◆ Exercise prompt
Return the lines of the listing below exactly as they appear, beginning at the one with "Perfects the modern" and stopping after the one with "Kertapakki með 10"; do not include pictures.
··· Material to process ···
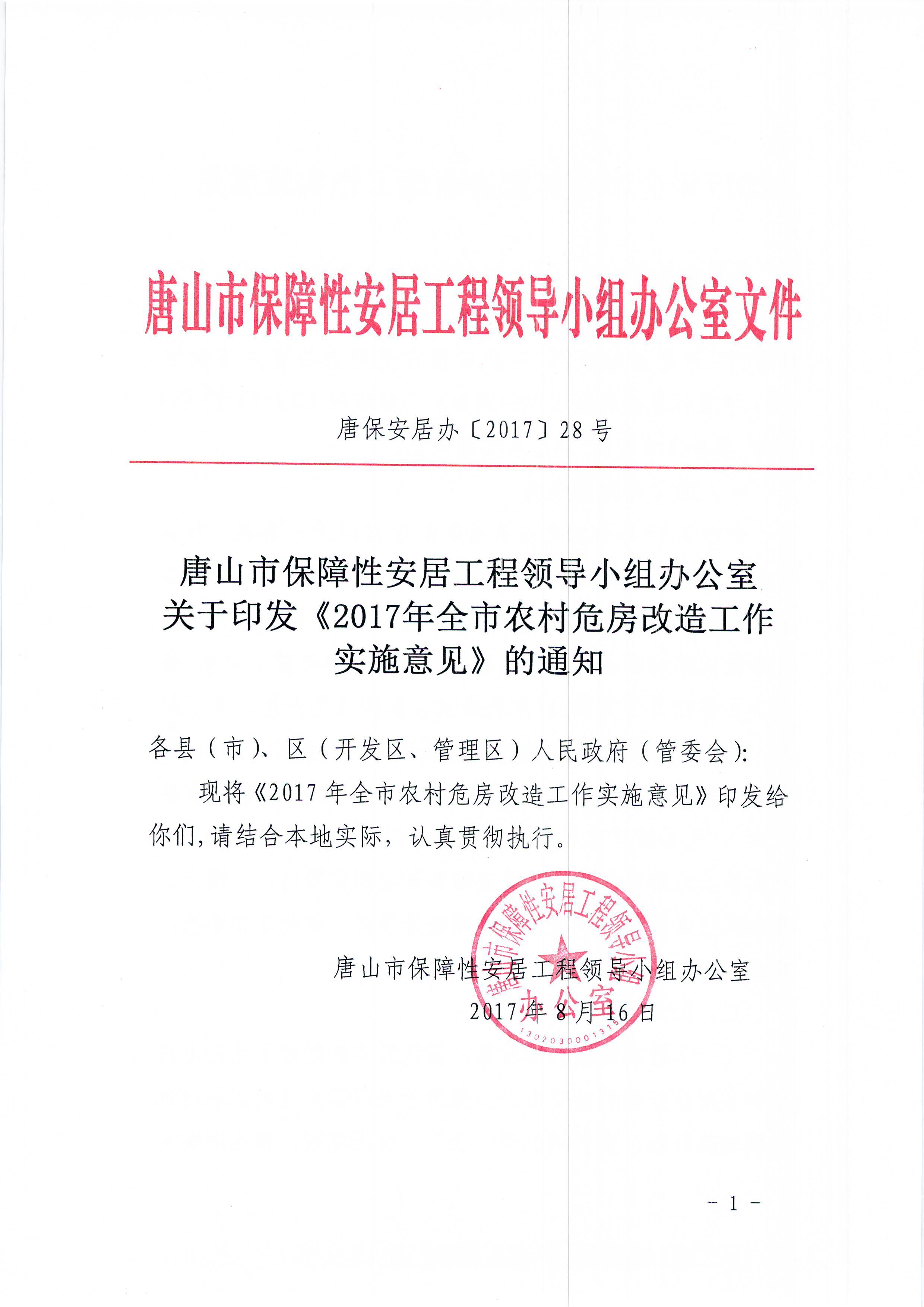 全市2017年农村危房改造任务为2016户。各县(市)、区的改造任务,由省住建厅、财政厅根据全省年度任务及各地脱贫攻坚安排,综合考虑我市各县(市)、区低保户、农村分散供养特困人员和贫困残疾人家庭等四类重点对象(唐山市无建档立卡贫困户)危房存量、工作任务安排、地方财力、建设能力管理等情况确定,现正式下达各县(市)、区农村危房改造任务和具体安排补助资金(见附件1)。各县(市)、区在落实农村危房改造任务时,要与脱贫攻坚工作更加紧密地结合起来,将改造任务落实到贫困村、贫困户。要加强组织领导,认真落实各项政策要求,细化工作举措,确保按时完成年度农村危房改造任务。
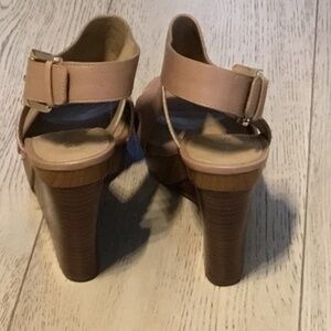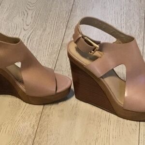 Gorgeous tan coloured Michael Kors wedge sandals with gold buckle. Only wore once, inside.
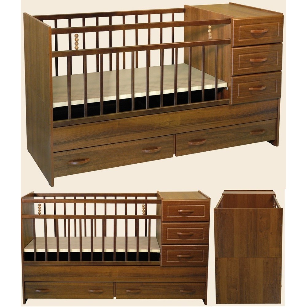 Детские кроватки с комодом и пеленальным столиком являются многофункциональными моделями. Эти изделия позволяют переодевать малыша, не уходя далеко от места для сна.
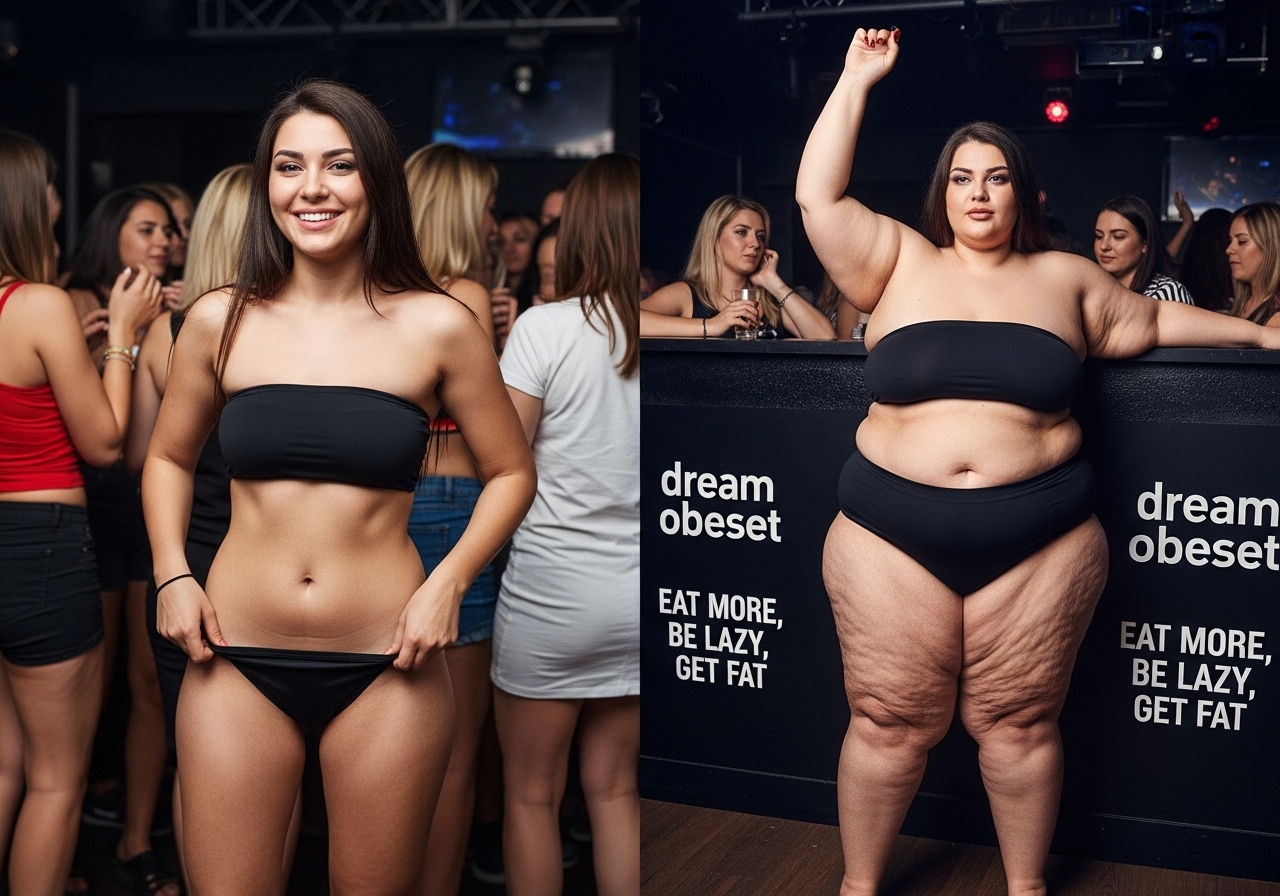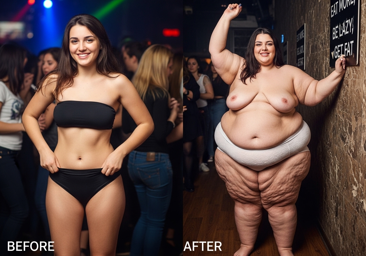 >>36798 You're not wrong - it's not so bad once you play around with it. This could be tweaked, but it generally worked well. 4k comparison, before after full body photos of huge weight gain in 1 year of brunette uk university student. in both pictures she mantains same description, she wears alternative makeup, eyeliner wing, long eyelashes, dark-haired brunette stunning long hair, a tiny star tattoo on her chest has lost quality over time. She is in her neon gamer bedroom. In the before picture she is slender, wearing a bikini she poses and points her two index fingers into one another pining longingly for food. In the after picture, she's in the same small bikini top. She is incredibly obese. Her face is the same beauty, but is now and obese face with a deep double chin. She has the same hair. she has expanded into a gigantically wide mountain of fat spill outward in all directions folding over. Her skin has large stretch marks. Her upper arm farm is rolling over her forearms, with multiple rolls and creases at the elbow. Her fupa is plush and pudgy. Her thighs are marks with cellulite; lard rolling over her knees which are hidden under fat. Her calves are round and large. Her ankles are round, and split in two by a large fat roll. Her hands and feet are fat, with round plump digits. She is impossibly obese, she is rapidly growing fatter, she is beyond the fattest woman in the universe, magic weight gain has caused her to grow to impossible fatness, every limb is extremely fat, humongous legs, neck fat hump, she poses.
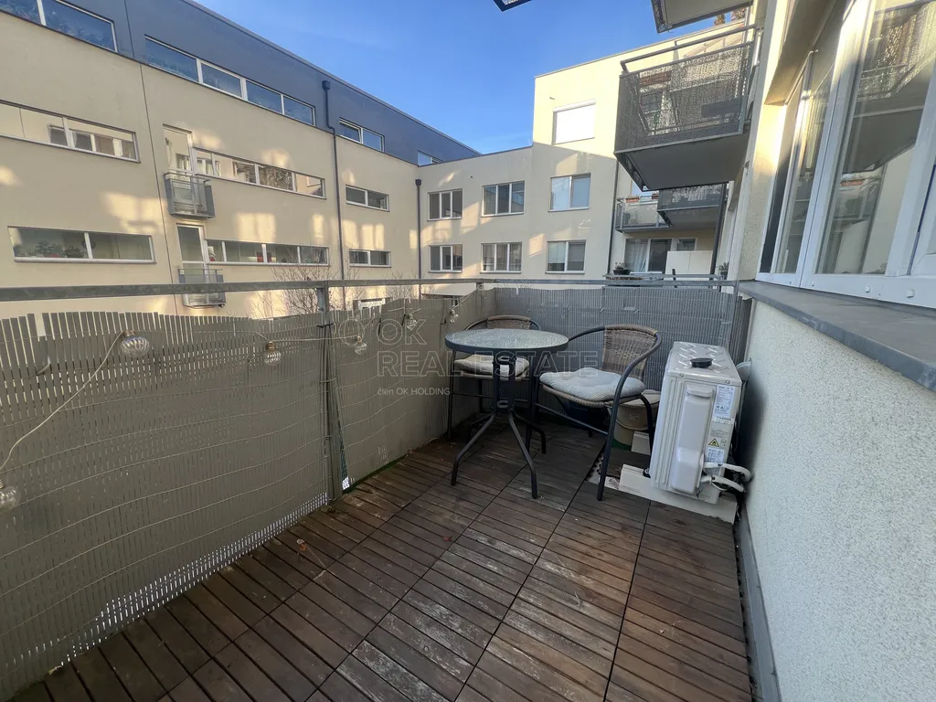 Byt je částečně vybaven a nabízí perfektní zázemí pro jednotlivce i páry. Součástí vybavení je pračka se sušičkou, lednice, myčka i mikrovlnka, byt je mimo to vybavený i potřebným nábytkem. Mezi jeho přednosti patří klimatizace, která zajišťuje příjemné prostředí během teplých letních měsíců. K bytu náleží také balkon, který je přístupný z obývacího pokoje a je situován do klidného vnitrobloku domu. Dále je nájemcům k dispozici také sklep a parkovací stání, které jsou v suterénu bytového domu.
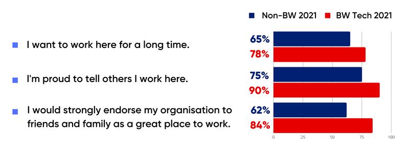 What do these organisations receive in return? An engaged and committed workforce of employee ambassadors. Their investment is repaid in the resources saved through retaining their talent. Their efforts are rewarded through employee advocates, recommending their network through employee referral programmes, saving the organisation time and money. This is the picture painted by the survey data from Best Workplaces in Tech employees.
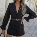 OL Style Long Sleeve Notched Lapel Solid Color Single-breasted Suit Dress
···
··· Material to process ···
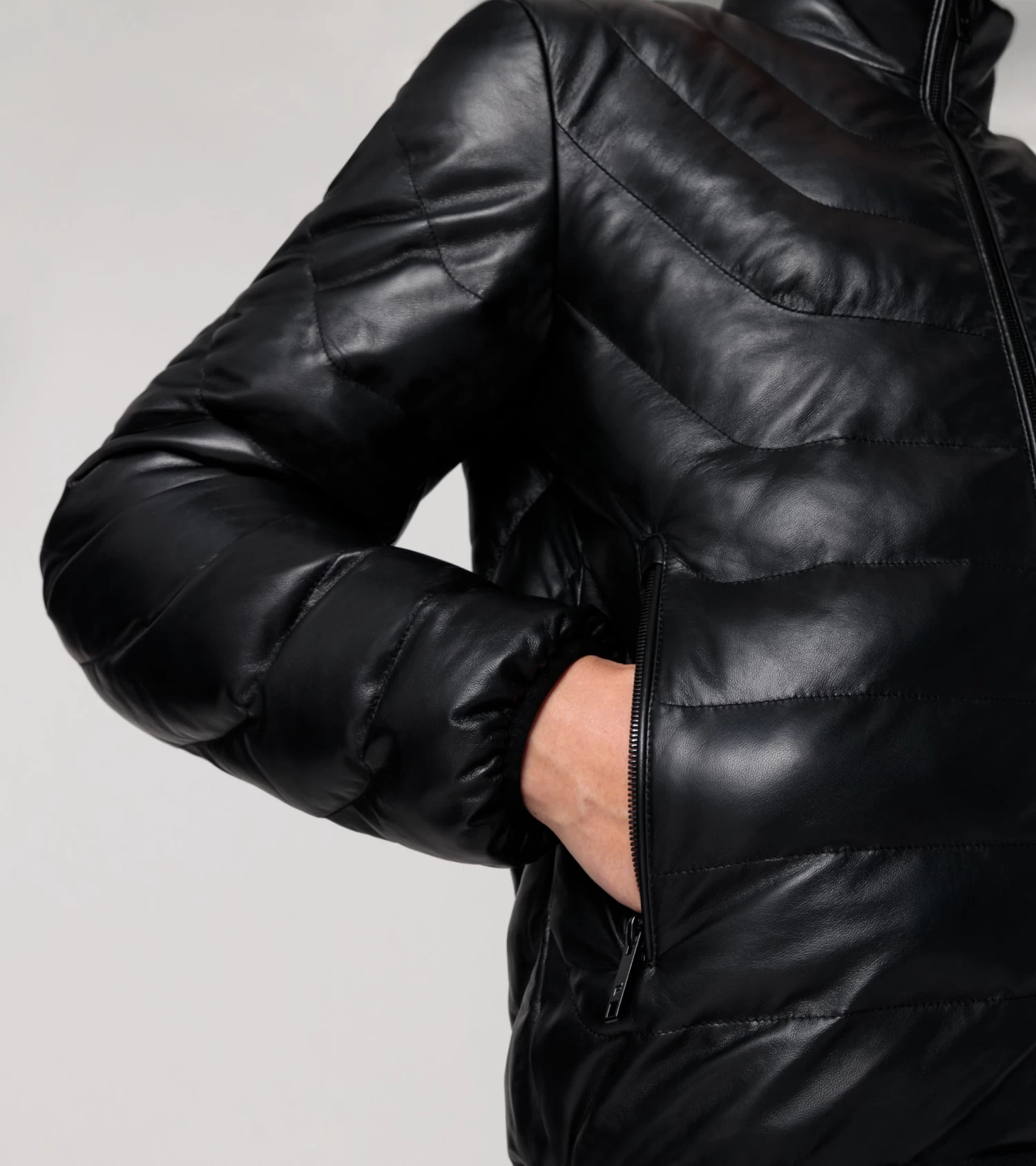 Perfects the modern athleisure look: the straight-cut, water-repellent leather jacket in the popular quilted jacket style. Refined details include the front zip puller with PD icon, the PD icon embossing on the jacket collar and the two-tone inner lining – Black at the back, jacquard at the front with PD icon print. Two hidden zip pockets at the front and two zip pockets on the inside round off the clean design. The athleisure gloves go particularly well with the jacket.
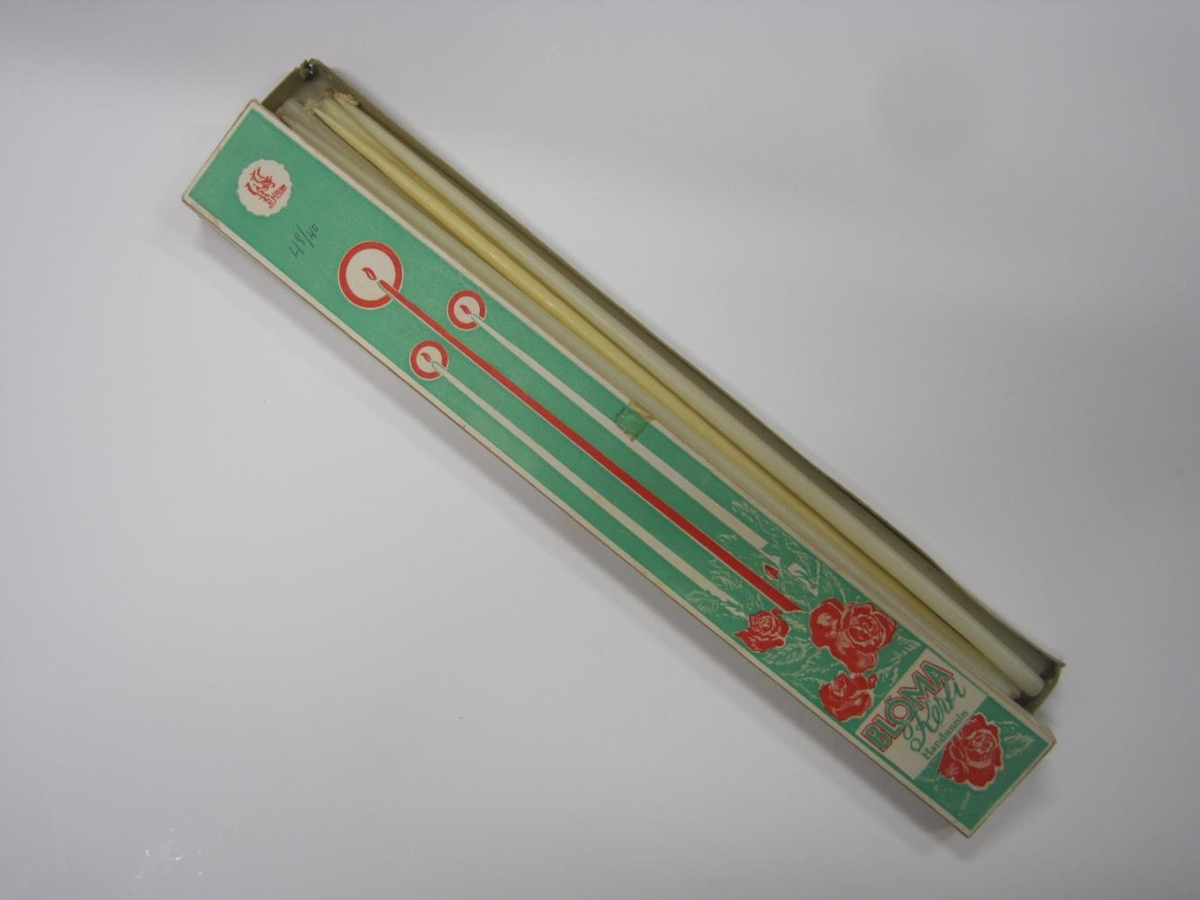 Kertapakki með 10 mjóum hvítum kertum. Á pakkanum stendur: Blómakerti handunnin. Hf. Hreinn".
···
◆ Solution for this task
 Perfects the modern athleisure look: the straight-cut, water-repellent leather jacket in the popular quilted jacket style. Refined details include the front zip puller with PD icon, the PD icon embossing on the jacket collar and the two-tone inner lining – Black at the back, jacquard at the front with PD icon print. Two hidden zip pockets at the front and two zip pockets on the inside round off the clean design. The athleisure gloves go particularly well with the jacket.
 Kertapakki með 10 mjóum hvítum kertum. Á pakkanum stendur: Blómakerti handunnin. Hf. Hreinn".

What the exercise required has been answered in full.